Parallelism within and among lineages

We studied parallelism within the only two lineages in our study that have multiple freshwater populations, A. alosa and A. f. lacustris (Figure 1). To measure parallelism within them, we calculated the percentage of outlier regions shared by each pair and the set of three freshwater populations within each of them. This required us to identify outlier regions in each freshwater population of A. alosa and A. f. lacustris, which we accomplished using the same ΔAF methods as described above (99th percentile). Similarly, pairwise comparisons of outlier regions in populations from different lineages were conducted. We then estimated the amount of polymorphism shared by each pair of lineages.
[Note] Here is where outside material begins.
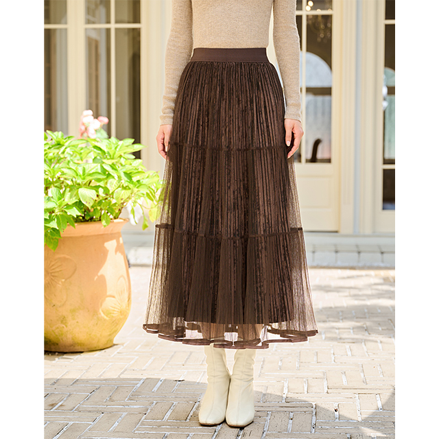 Lumsonare琅颂2025冬季丝绒网纱拼接压褶A字半身裙 9CY5550140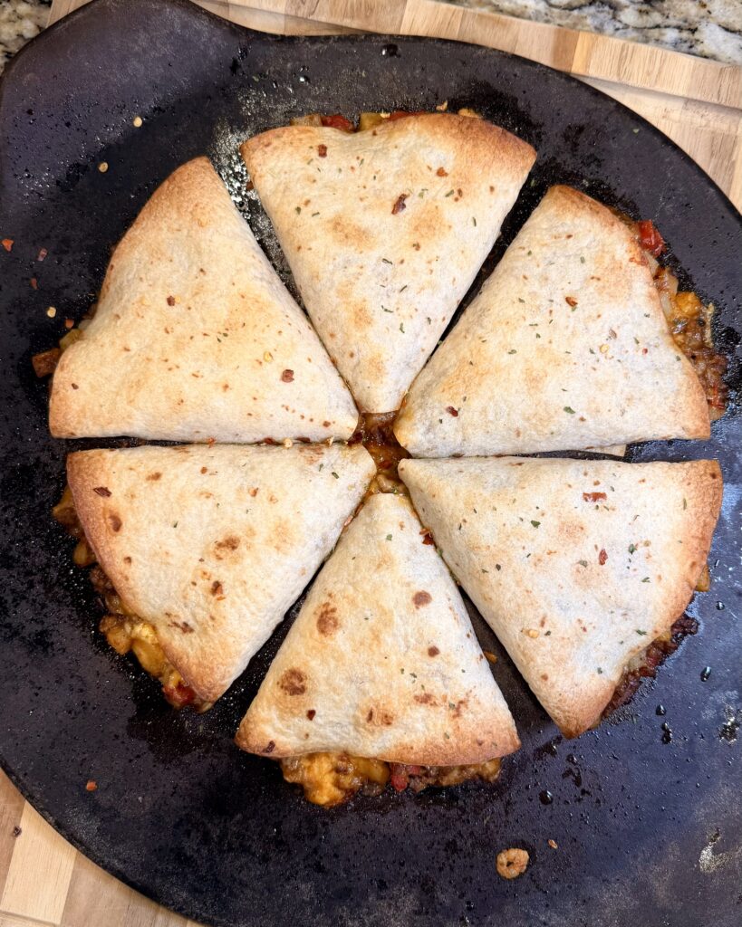 - Fold one side of the tortilla over the filling, then fold again to create a triangular pocket, similar to a crunchwrap-style fold.

For this analysis, and throughout the text, a polymorphic site refers to any SNP we found using our methods above that was variable, or fixed for an alternative allele, in at least one of the populations (anadromous or freshwater) studied in a given lineage. Since the total number of SNP loci per lineage varied, we calculated the average of the percentage of SNPs shared in each lineage of the pair being examined. To help understand patterns of parallelism, we then compared the percentage of outlier regions shared by populations to the percentage of polymorphism common between their respective lineages. Lastly, to help visualize patterns of genetic convergence across lineages, we generated heat maps of ΔAF for all outlier windows. One heat map was made per lineage. Specifically, for each ΔAF window in the 99.9th percentile of the target lineage, the average ΔAF for all SNPs in the same genomic window in each of the other three lineages was calculated. If the corresponding genomic window had fewer than two SNPs, it was excluded from the analysis.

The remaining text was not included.